Rosario has not had an easy life. Orphaned at fifteen when his diplomat parents are assassinated in Algeria, Rosario is forced into manhood and eventually becomes a doctor. Not wishing to follow a traditional career path, he applies to most elite division of the legion-the airborne corps-not realizing that his decision is about to lead him down a dangerous path. He must now kill to save himself from being killed. Now Rosario has traveled from France to Jackson, Mississippi, ready to embark on a new adventure. In search of a good woman to marry, Rosario intends to hike the Natchez Trace to Louisiana, where he hopes to settle down and start a family. Instead, as he walks along the side of the road on his second morning in Mississippi, he is approached by two policemen who insist he is guilty of a triple murder. Unable to provide an alibi, Rosario is thrown in jail for a crime he never committed. In this riveting thriller set in the sweltering South, a man wrongly accused of murder must exact a plan to find a serial killer before he strikes again.
ROSARIO'S GETTING OUT
It's Payback TimeBy STEPHEN SCHNITZERiUniverse, Inc.
Copyright © 2012 Stephen Schnitzer
All right reserved.ISBN: 978-1-4697-8290-4Chapter One
Le Petite Monsieur
The little man was just that: little. But he was manlike even as a child. He spent most of his social time in the company of adults, speaking freely with them as they replied to him. Age was not a factor—thought and intelligence were the medium of exchange. By eight, Rosario could hold his own, giving his opinions freely and replying to those of his elders, whether they were relatives or not.
His father and mother married late. His father was forty and his mother thirty-five. His parents were of mixed nationality, but both were ethnic Jews. His mother was American born, and she grew up on Long Island in the elegant section of Kings Point on the water, scant blocks from the Coast Guard Academy. Her father had been a prosperous developer who built custom-made villas for successful New York businessmen and professionals who flocked yearlong from the city for extended weekends of relative peace.
His father's family was expatriated German and Jewish. The family left the comfort of Berlin after Kristallnacht and Hitler's then recent ascent to chancellor. They had thought that France was far enough away, and their son, Rosario's father, was born in early 1943 at the height of the war. Almost immediately thereafter, the French Jews were rounded up en masse, and Rosario's father was placed to be raised as the putative child of Catholic antique dealers. His parents were denounced and carted off. Both died en route, robbing the gas chamber of its claims on them. The young Rosario heard the story only once from his father. It did not come up again. It was not a topic of discussion within the small family of three.

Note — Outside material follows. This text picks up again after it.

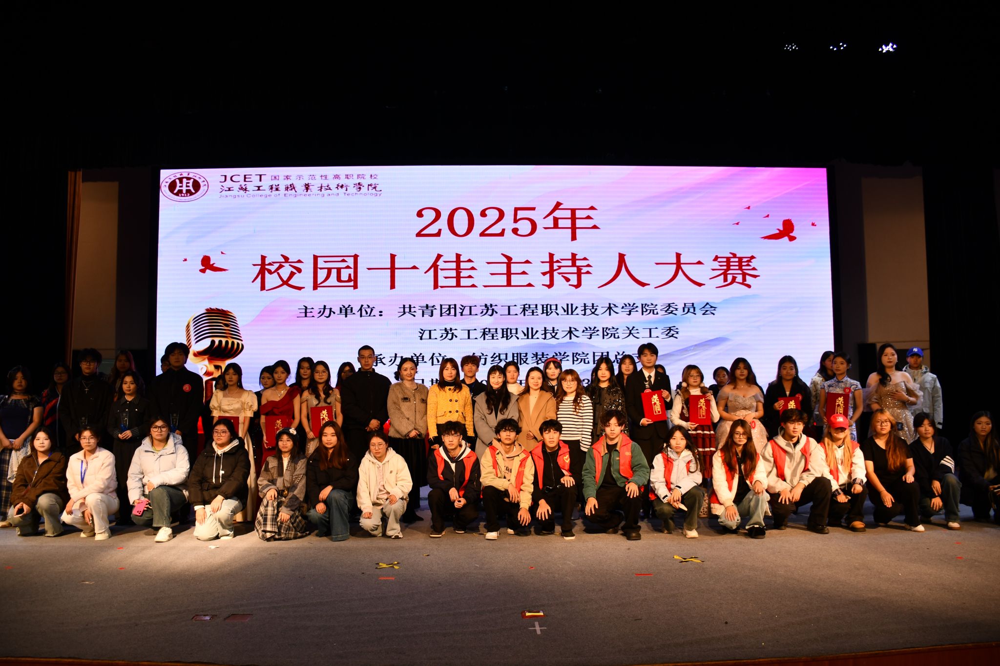 11月23日晚,由校团委、校关工委主办,纺织服装学院团总支承办的“说出精彩,成就未来”2025年校园十佳主持人大赛在崇川校区大礼堂举行。信息工程学院党总支书记沈雯、校团委副书记张禧嘉、学工部副部长张悦、基础教学部专业教师夏蕾、信息工程学院团总支副书记夏晶晶担任评委。纺织服装学院党总支书记宁尚洁、党总支副书记周星星和学生代表近600人参加了活动。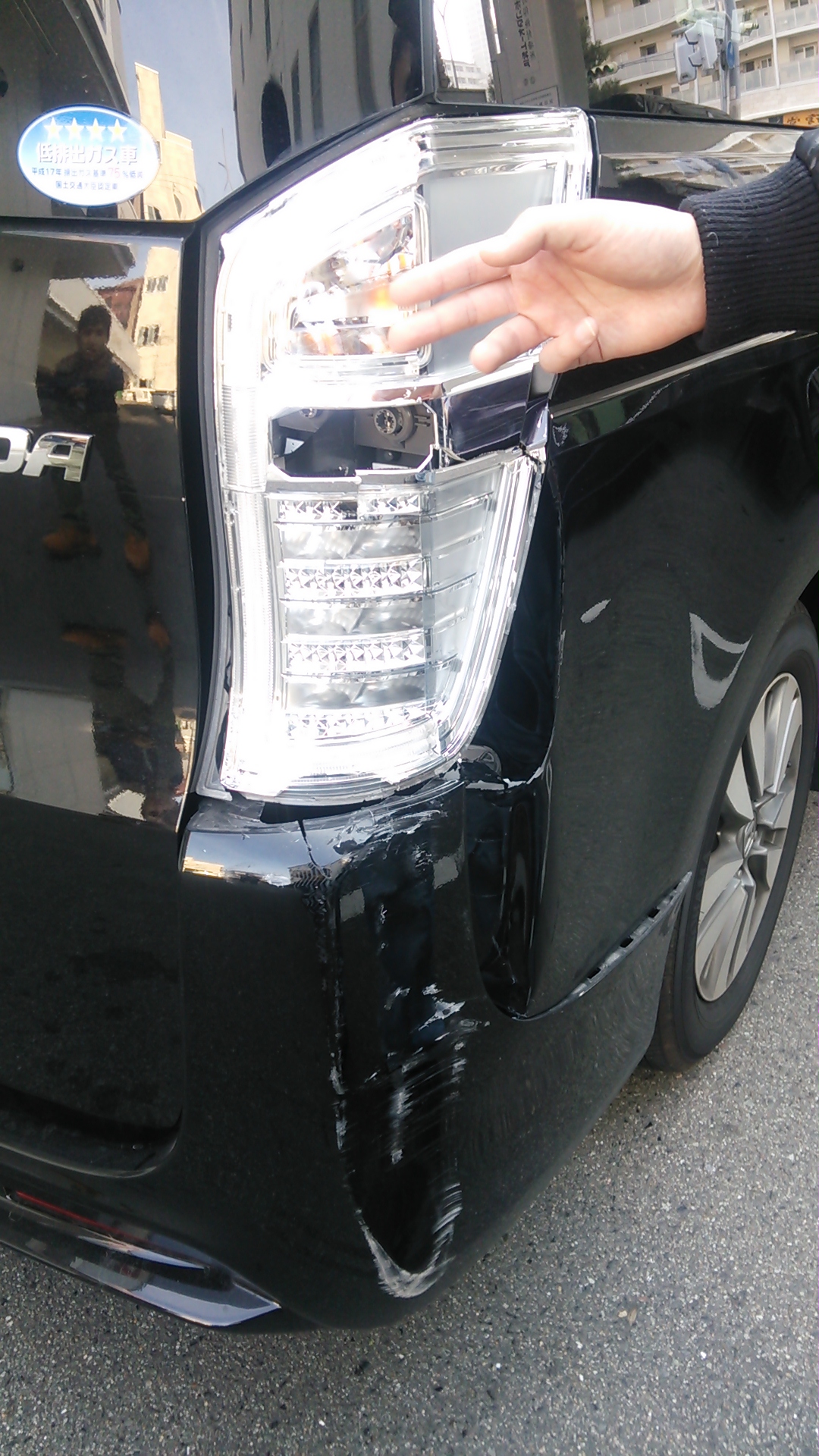 まずは車を見てみると、右後ろがつぶれて、テールレンズも割れていた状態でした。

After the war years, the French had a change of heart regarding Jews and inspired them to join government service, preferring to trust them over more native Frenchmen who had earlier dallied with the Nazi's, becoming their partisans. They also accepted that Jews were somehow inherently smarter and more suited to matters of discipline and intelligence services.
After completing his schooling, Rosario's father was sought out by the Suretee. He enlisted and trained in general police matters. When he obviously excelled in his studies and became noted for being just plain smart, he was routed into the intelligence division and designated for foreign service. In this manner, he developed his career and was assigned to embassies and delegations in Europe and finally in the United States to the French delegation to the United Nations. It was on this assignment in New York City that he met and later married Rosario's mother with whom he returned to France, having been promoted both in rank and in a management position within the secret service of France.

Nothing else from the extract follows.